Let’s suppose that participants in Course A had a neutral opinion regarding the question, while those in Course B, on average, had a more positive experience.
By choosing appropriate parameters for the latent distributions and
setting number of categories K = 4
, we can generate hypothetical
responses (standard deviation sd = 1
and skewness gamma1 = 0
, by
default):
set.seed(12345) # to ensure reproducible results
course_A <- get_responses(n = 10, mu = 0, K = 4)
course_B <- get_responses(n = 20, mu = 1, K = 4)
Below are the responses to the question, visualized using a grouped bar chart:
Click here to expand
# To summarize the results, create a data frame from all responses.
K <- 4
ngroups <- 2
cats <- c("Poor", "Fair", "Good", "Excellent")
data <- data.frame(
Course = rep(c("A", "B"), each=K),
Response = factor(rep(cats, ngroups), levels=cats),
Prop = c(get_prop_table(course_A, K), get_prop_table(course_B, K)))
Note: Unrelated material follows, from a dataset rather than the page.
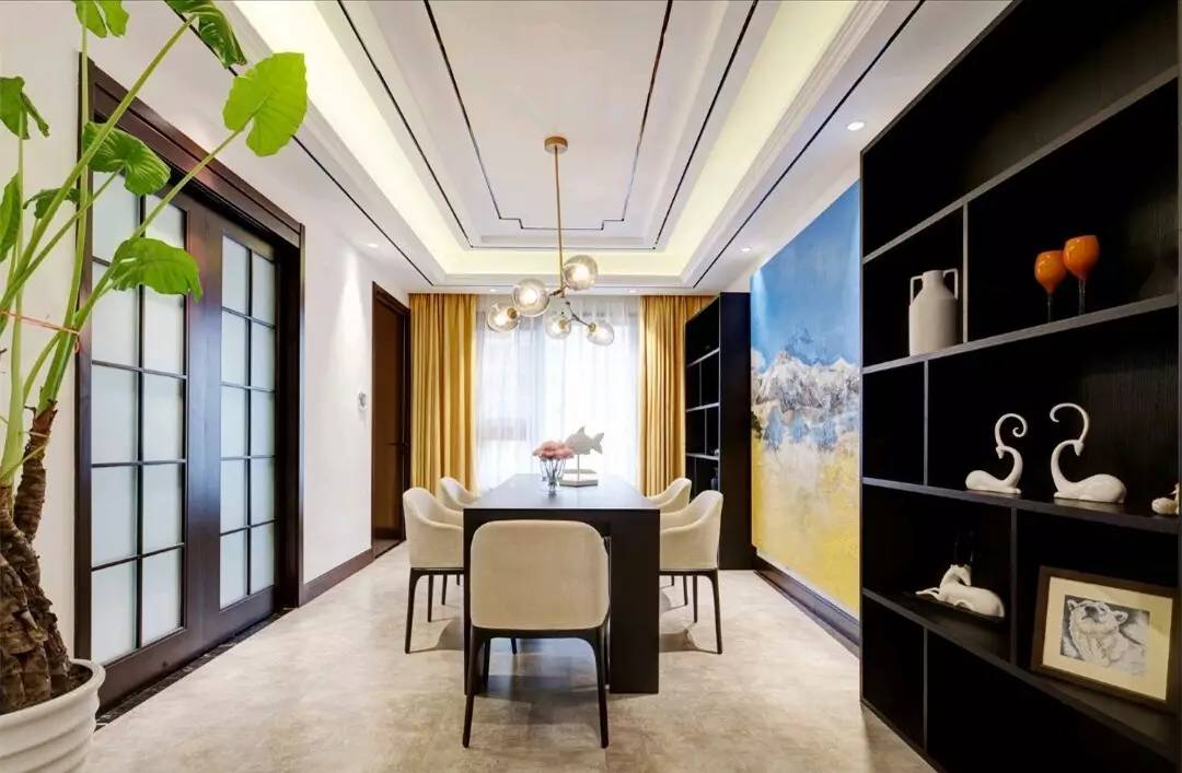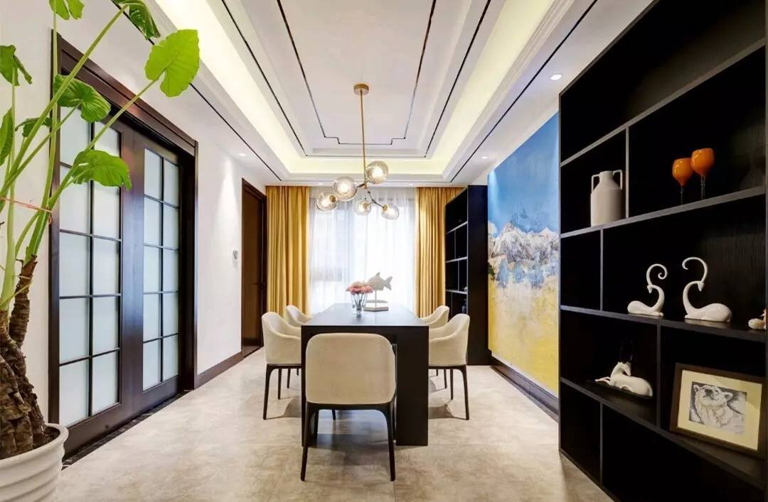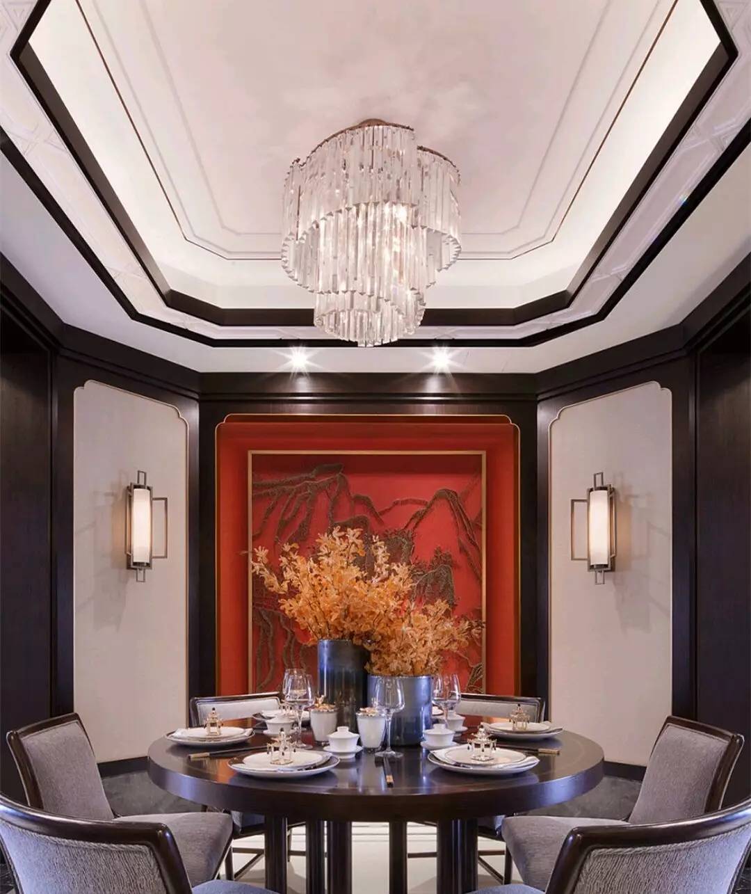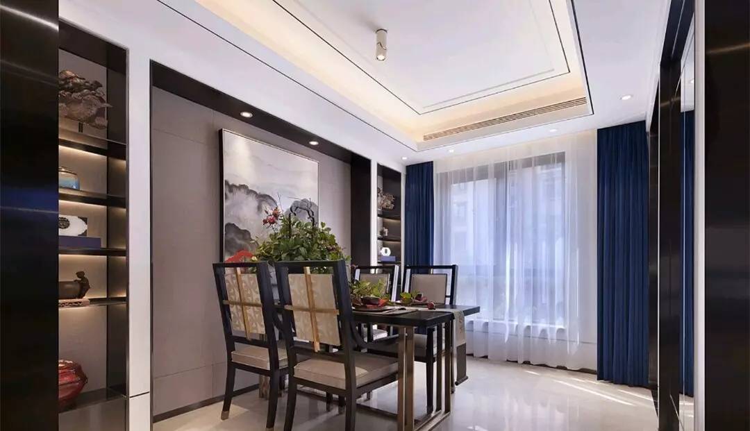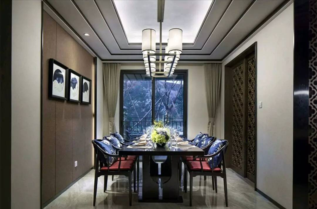 中式的餐厅有方形与圆形的吊顶方式,方形的做法与客厅大致雷同,而圆形的话一般就是在圆边上做木线条收边,这样做可以让这个圆形的吊顶显得更有层次感,而且木质的收边也可以让空间显得更加有中式的味道;

data <- data[data$Prop > 0, ]
# > data
# Course Response Prop
# 1 A Poor 0.30
# 2 A Fair 0.20
# 3 A Good 0.20
# 4 A Excellent 0.30
# 6 B Fair 0.10
# 7 B Good 0.25
# 8 B Excellent 0.65
# The results can then be visualized using a grouped bar chart.
xbreaks <- seq(from = 0, to = .8, length.out = 5)
xlimits <- c(0, max(data$Prop) + 0.01)
xlabs <- sapply(xbreaks, percentify)
data$Course <- factor(data$Course, levels = c("B", "A"))
p <- ggplot(data=data, aes(x=Prop, y=Response, fill=Course)) +
geom_col(position=position_dodge2(preserve = "single", padding = 0)) +
scale_x_continuous(breaks = xbreaks, labels = xlabs, limits = xlimits) +
scale_y_discrete(limits = rev(levels(data$Response))) +
scale_fill_manual("legend",
values = c("#64BAAA", "#154E56"),
labels = c("Course A", "Course B"),
limits = c("A", "B")) +
ggtitle("How would you rate your experience with the course?") +
theme(text = element_text(size=10),
axis.title.y = element_blank(),
axis.title.x = element_blank(),
legend.position = "bottom",
legend.title = element_blank(),
plot.title = element_text(size=11))
p
Suppose that the survey also asked the participants to rate their skills on a 5-point Likert scale, ranging from 1 (very poor) to 5 (very good) in:
- Programming,
- Searching Online,
- Solving Problems.
The survey was completed by the participants both before and after taking the course for a pre and post-comparison. Suppose that participants’ assessments of:
- Programming skills on average increased,
- Searching Online stayed about the same,
- Solving Problems increased in Course A, but decreased for participants in Course B.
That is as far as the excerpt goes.